Visceral, frightening that this kind of world exists for women- still, and unbelievably sad, I had a hard time getting through this book- especially when I figured out a major plot twist early on. However sharply this novel focuses on the life of a poor woman in Bombay India, which it did well, it lacked a certain sense of hope that I need by the end of a tale to make me fall for a story.

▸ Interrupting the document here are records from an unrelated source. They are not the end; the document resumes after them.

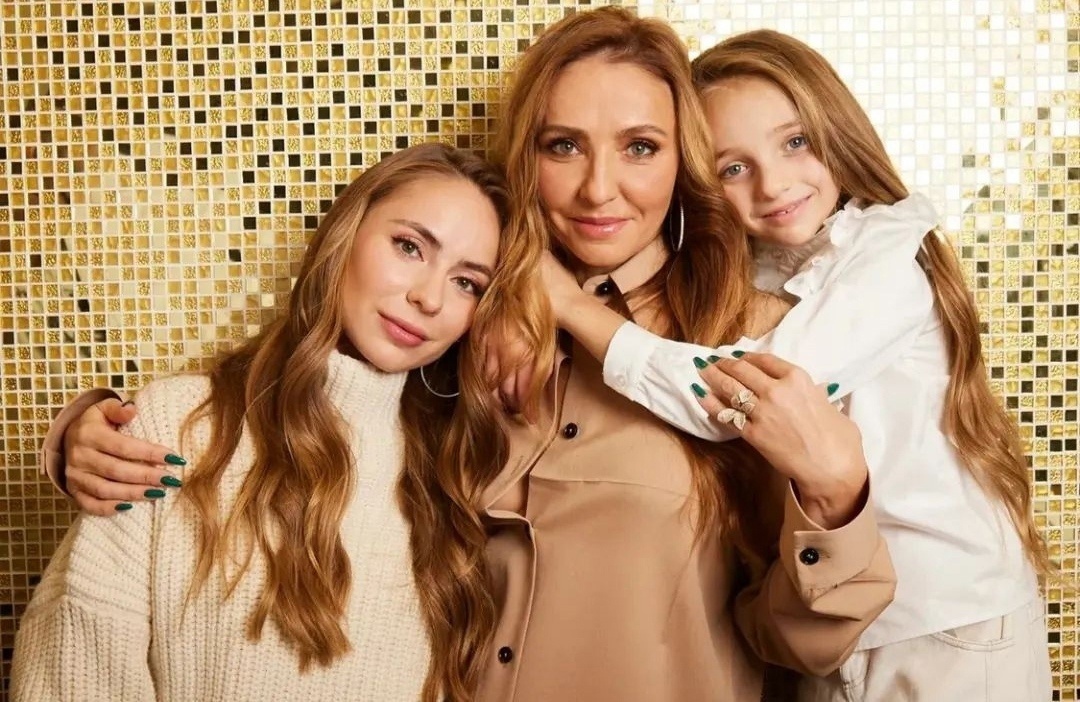 Три женщины улыбаются и объятиях друг друга перед фоном золотистой мозаичной стены. Они выглядят счастливыми и, возможно, являются членами одной семьи или близкими друзьями. У всех троих длинные волосы, и они одеты в повседневную одежду.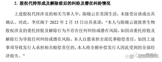 对此,致善生物实际控制人李庆阁于2022年2月15日出具承诺:“本人与陈晓云就致善生物股权涉及的委托持股及解除行为不存在任何纠纷或潜在风险,如因该委托持股及解除行为导致任何纠纷或潜在风险,本人自愿承担全部民事赔偿责任,如因上述事项导致发行人承担相关赔偿责任的,本人将全额补偿发行人因此受到的全部经济损失。”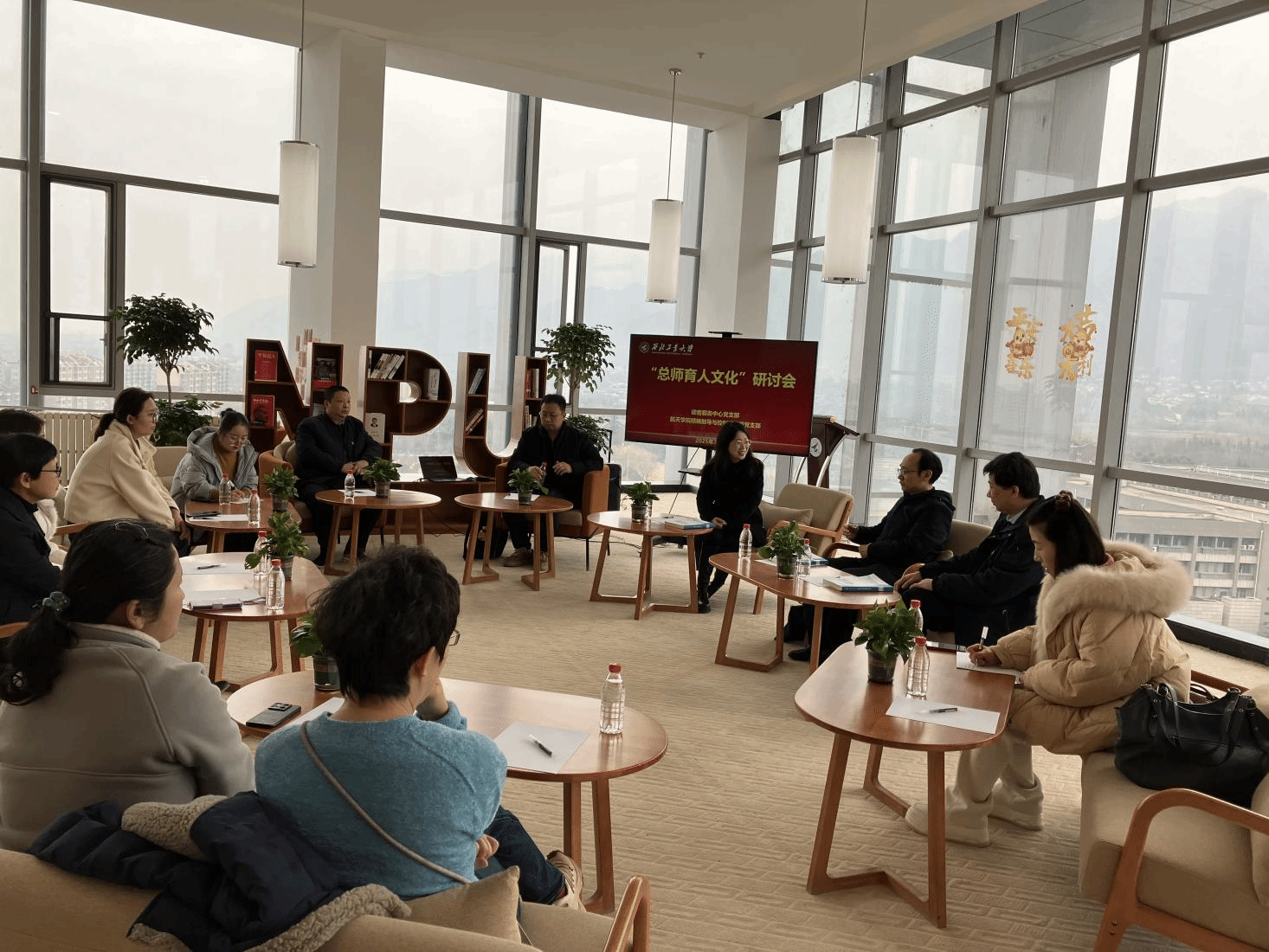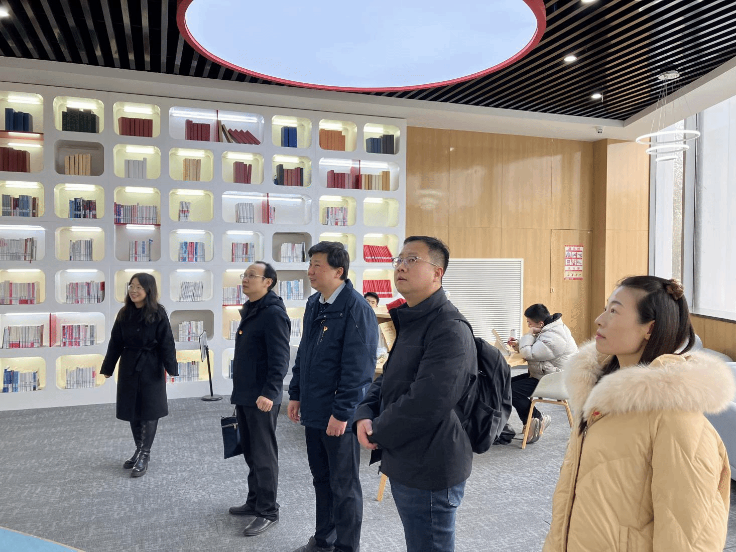 随后,大家来到了九楼“云上书阁”,其作为综合研讨、休闲探讨的多功能活动区域,是长安校区图书馆的又一特色区域。在这里,双方支部党员们围绕“总师育人文化”展开研讨。精导所所长郭建国教授介绍了公司和研究所在“总师育人文化”的贯彻过程中,从“多学科、多元化”的教育方法,“工科、理科、文科”互相结合的教育模式等方面开展的工作。支部书记卢晓东对公司图书馆日新月异的发展和进步表达了赞叹,同时通过整理书架的学雷锋义务活动体会到了图书馆全体教师们工作的辛苦和重要性,希望双方支部通过党建与业务交流活动为师生办实事,推动“总师育人文化”的走深走实。

Sure Bhima, the main character, let go of her pain in the end, and I suppose sometimes the sense of utter hopelessness and inevitability makes for gripping story telling as it engages quite a few emotions. But every man in this book treated women as offal to be wiped from the bottom of their shoes and more damning for me, the women betrayed each other at just about every turn. Because of this, the simple metaphoric ending just wasn't... enough. (Especially considering all they went through.) If this were non-fiction I wouldn't have the same desire because I know full well how very real these situations are. But when its told in fiction, I like to see a redemptive resolution.

Perhaps if we had some sorta epilogue letting us know the women are okay? I don't know, their stories just begged for reparation, even if it only meant them living free from bitterness for once, however fantastical it seems. As mentioned earlier, something of the sort is alluded to at the end, but we don't get to see it and that frustrated me.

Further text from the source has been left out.